On August 3, 2020, the U.S. District Court for the Southern District of New York (court) invalidated certain provisions of the temporary regulations implementing the EPSLA and EFMLEA.
Under the temporary regulations, an employee can only take leave under the FFCRA if the employee has a qualifying reason for leave and the employer has work available for the employee. The court invalidated this work-availability requirement with respect to the qualifying reasons for taking leave under the FFCRA. Under the court’s holding, an employer is not required to have work available for an employee as a condition for an employee to be eligible for leave. This potentially opens the door for employees to claim eligibility for leave even if they are furloughed, temporarily laid off, or are not working because the employer has temporarily ceased operations.
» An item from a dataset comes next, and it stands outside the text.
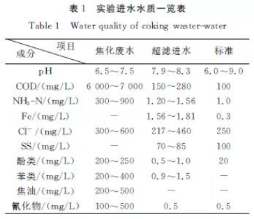 實(shí)驗(yàn)采用超濾-納濾膜組合工藝,對唐山某焦化廠二沉池出水進(jìn)行深度處理,該廠焦化廢水、二沉池出水(實(shí)驗(yàn)進(jìn)水)和排放標(biāo)準(zhǔn)見表1.

Under the FFCRA, an employer may exclude health care providers from being eligible for leave. The court invalidated the DOL’s definition of a “health care provider” which is defined as “anyone employed at any doctor’s office, hospital, health care center, clinic, post-secondary educational institution offering health care instruction, medical school, local health department or agency, nursing facility, retirement facility, nursing home, home health care provider, any facility that performs laboratory or medical testing, pharmacy, or any similar institution, Employer, or entity. This includes any permanent or temporary institution, facility, location, or site where medical services are provided that are similar to such institutions[,]” as well as any “individual employed by an entity that contracts with any of these institutions described above to provide services or to maintain the operation of the facility where that individual’s services support the operation of the facility, [and] anyone employed by any entity that provides medical services, produces medical products, or is otherwise involved in the making of COVID-19 related medical equipment, tests, drugs, vaccines, diagnostic vehicles, or treatments.”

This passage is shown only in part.